▸ **TASK INSTRUCTIONS**
Repeat the whole listing below precisely. Omit all pictures.

▸ **SUPPLIED DATA**

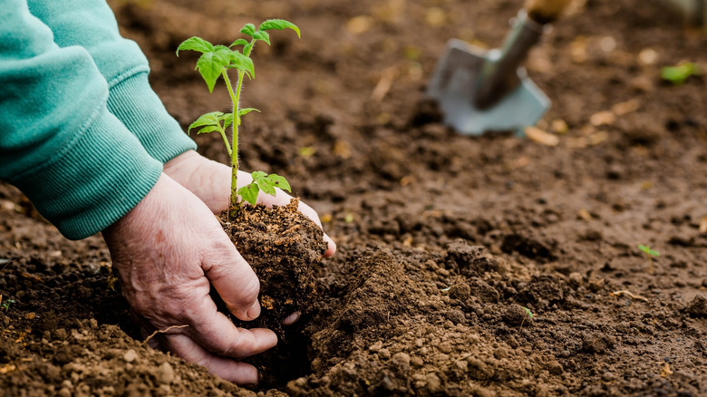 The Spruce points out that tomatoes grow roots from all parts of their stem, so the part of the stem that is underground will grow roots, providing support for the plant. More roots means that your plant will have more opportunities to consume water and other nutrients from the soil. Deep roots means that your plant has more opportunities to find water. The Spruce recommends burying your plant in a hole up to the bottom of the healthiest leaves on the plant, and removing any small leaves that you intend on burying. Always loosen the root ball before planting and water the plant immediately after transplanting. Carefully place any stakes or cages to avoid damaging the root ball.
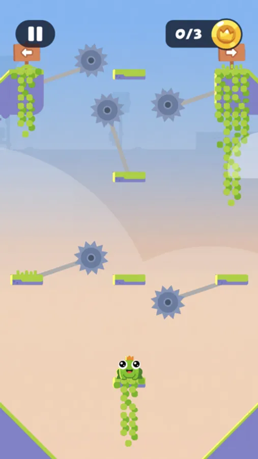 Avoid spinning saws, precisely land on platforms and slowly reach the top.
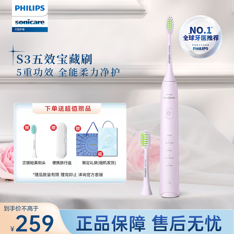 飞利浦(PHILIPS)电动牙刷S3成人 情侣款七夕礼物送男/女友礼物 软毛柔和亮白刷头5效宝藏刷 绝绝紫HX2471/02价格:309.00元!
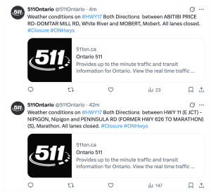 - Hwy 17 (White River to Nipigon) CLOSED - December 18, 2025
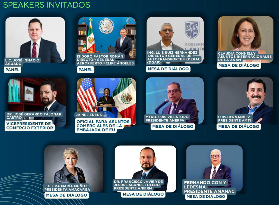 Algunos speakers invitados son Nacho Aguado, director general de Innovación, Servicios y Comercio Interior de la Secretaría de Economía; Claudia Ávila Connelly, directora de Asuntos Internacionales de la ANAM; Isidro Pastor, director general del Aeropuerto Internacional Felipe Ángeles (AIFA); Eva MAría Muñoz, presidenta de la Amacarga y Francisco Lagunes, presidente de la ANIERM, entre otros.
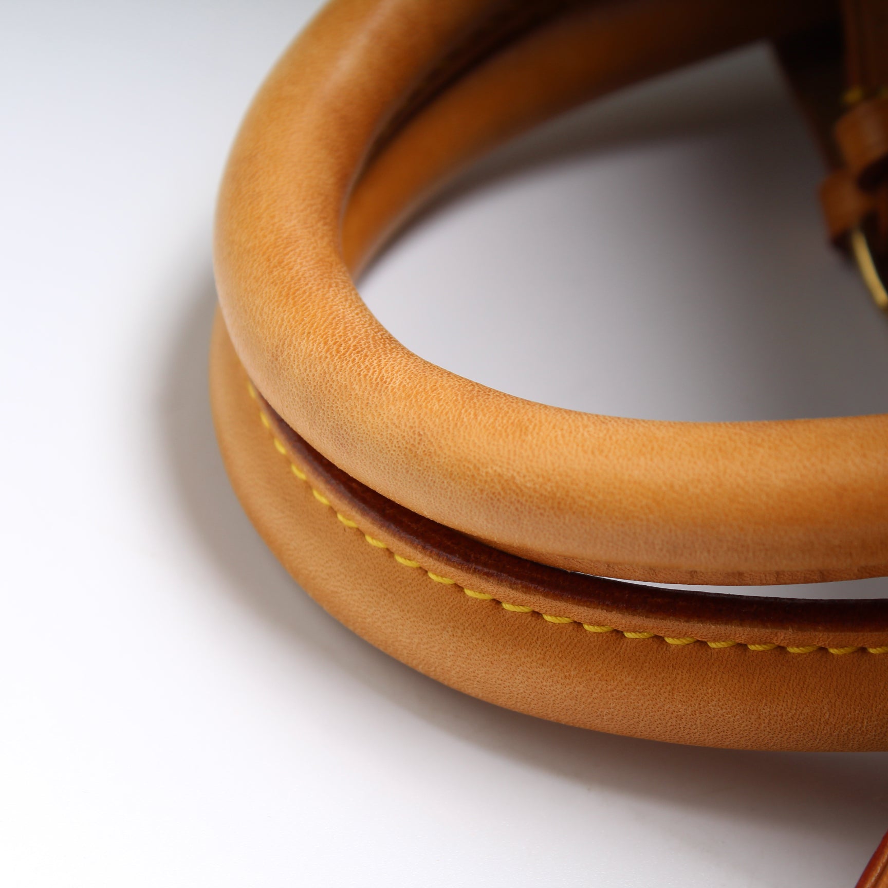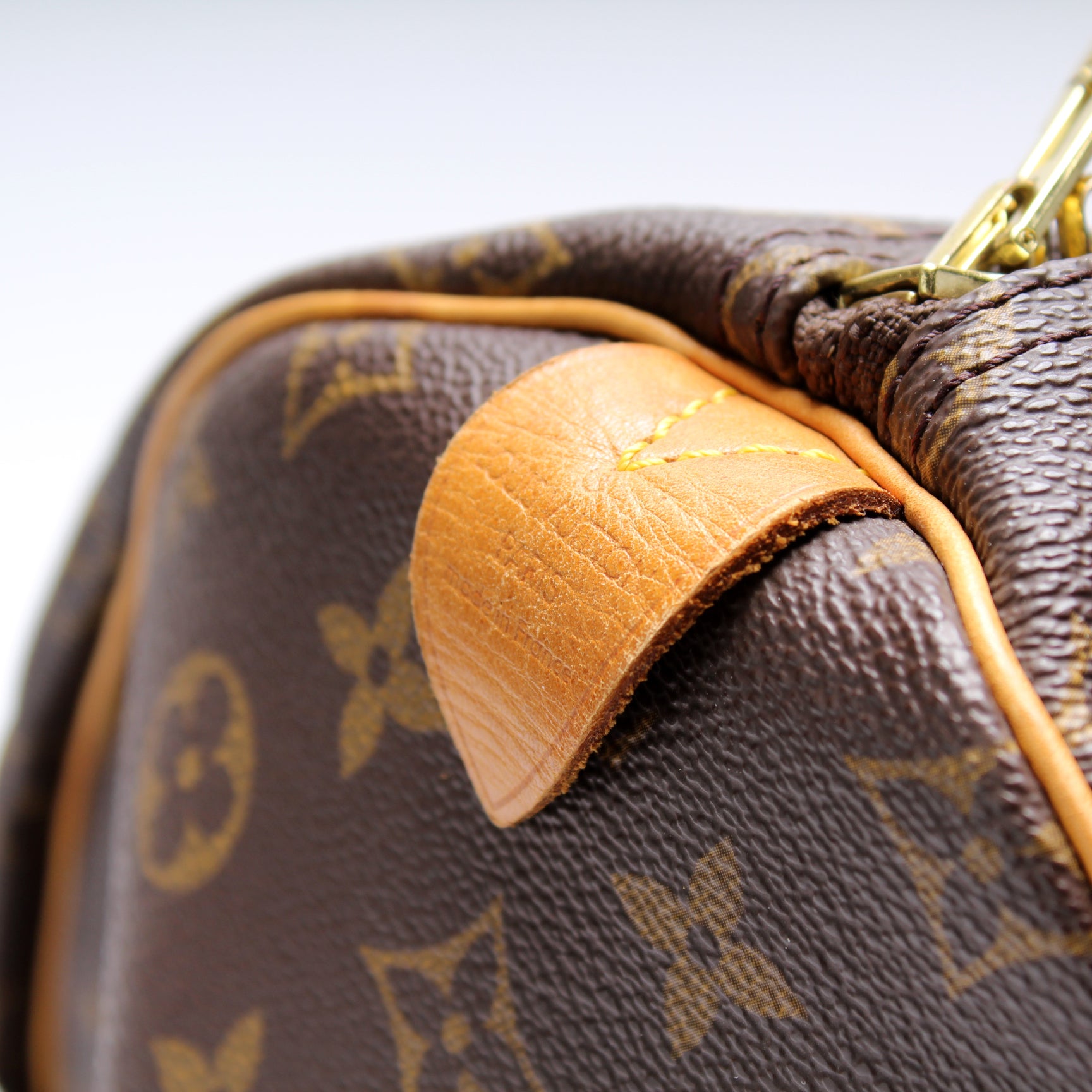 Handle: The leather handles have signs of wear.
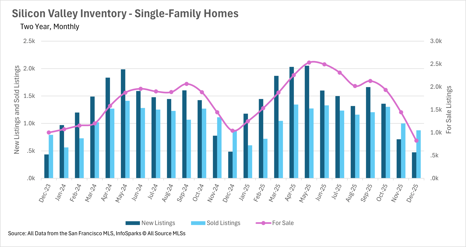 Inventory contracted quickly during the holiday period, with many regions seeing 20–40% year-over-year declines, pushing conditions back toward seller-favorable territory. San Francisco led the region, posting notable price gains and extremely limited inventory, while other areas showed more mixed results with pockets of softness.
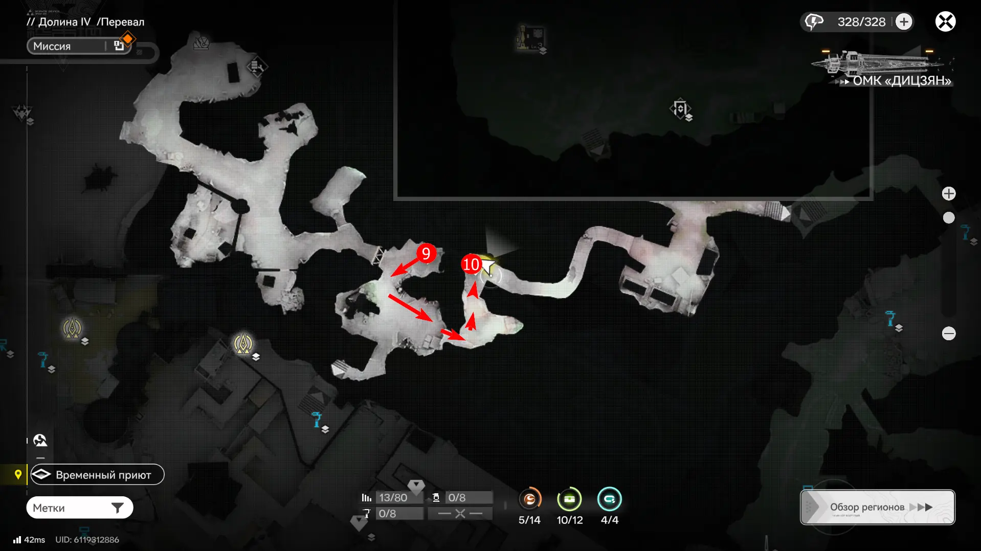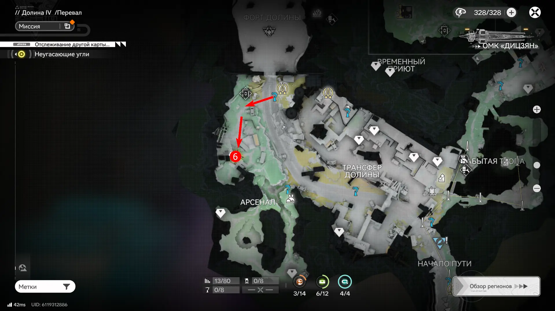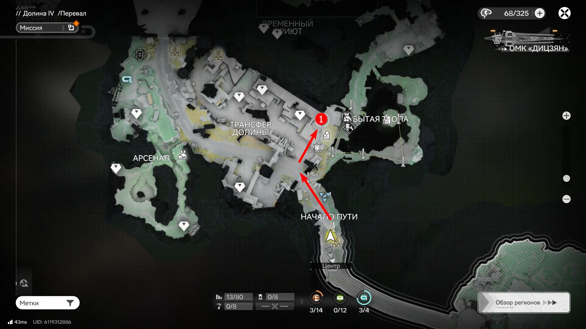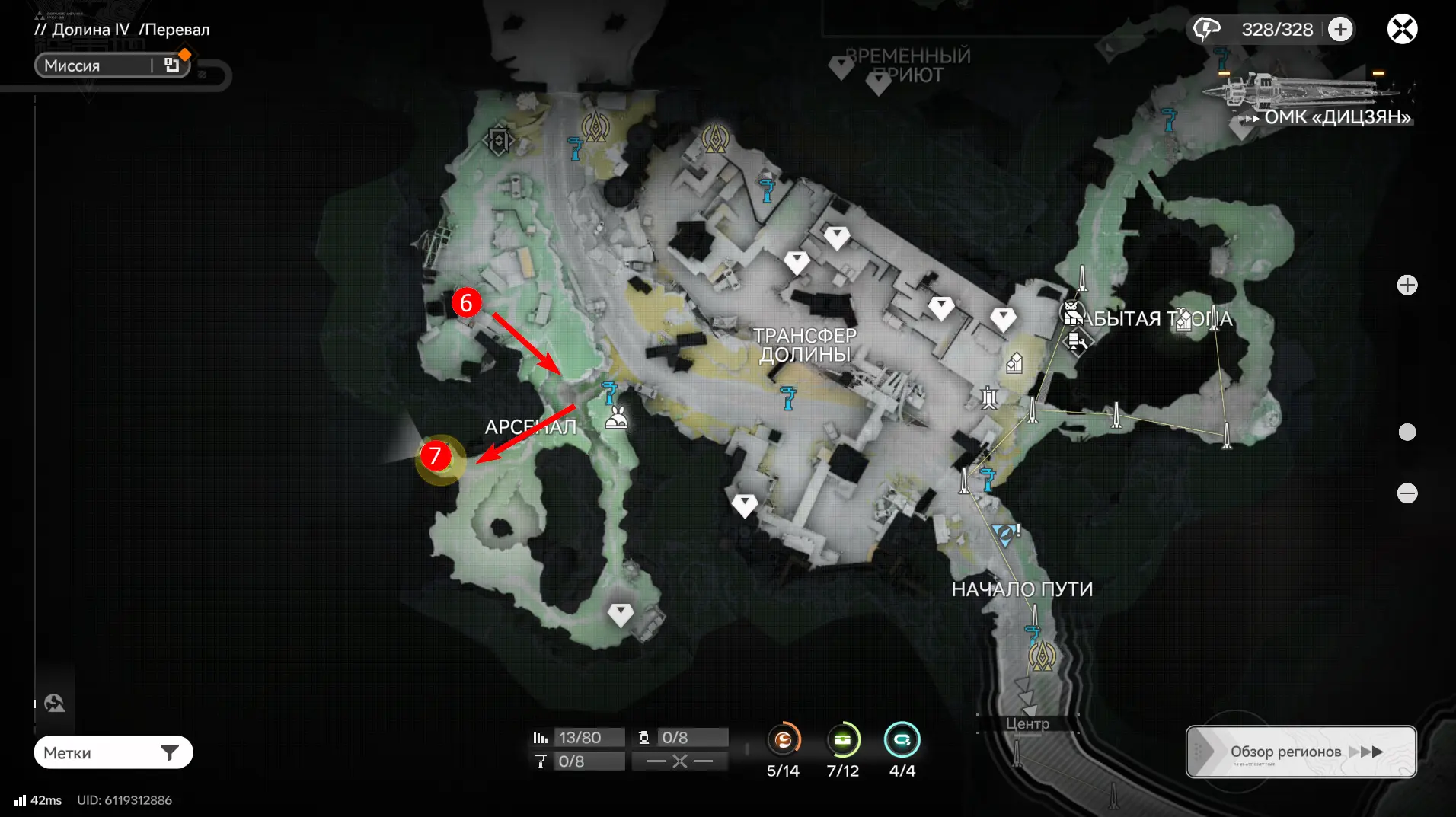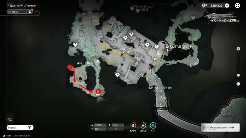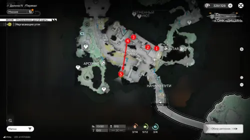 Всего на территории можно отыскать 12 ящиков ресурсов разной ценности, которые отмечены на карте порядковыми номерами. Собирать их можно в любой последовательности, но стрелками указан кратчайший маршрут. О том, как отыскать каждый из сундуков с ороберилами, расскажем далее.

▸ **ANSWER TO THE PROBLEM**
 The Spruce points out that tomatoes grow roots from all parts of their stem, so the part of the stem that is underground will grow roots, providing support for the plant. More roots means that your plant will have more opportunities to consume water and other nutrients from the soil. Deep roots means that your plant has more opportunities to find water. The Spruce recommends burying your plant in a hole up to the bottom of the healthiest leaves on the plant, and removing any small leaves that you intend on burying. Always loosen the root ball before planting and water the plant immediately after transplanting. Carefully place any stakes or cages to avoid damaging the root ball.
 Avoid spinning saws, precisely land on platforms and slowly reach the top.
 飞利浦(PHILIPS)电动牙刷S3成人 情侣款七夕礼物送男/女友礼物 软毛柔和亮白刷头5效宝藏刷 绝绝紫HX2471/02价格:309.00元!
 - Hwy 17 (White River to Nipigon) CLOSED - December 18, 2025
 Algunos speakers invitados son Nacho Aguado, director general de Innovación, Servicios y Comercio Interior de la Secretaría de Economía; Claudia Ávila Connelly, directora de Asuntos Internacionales de la ANAM; Isidro Pastor, director general del Aeropuerto Internacional Felipe Ángeles (AIFA); Eva MAría Muñoz, presidenta de la Amacarga y Francisco Lagunes, presidente de la ANIERM, entre otros.
 Handle: The leather handles have signs of wear.
 Inventory contracted quickly during the holiday period, with many regions seeing 20–40% year-over-year declines, pushing conditions back toward seller-favorable territory. San Francisco led the region, posting notable price gains and extremely limited inventory, while other areas showed more mixed results with pockets of softness.
 Всего на территории можно отыскать 12 ящиков ресурсов разной ценности, которые отмечены на карте порядковыми номерами. Собирать их можно в любой последовательности, но стрелками указан кратчайший маршрут. О том, как отыскать каждый из сундуков с ороберилами, расскажем далее.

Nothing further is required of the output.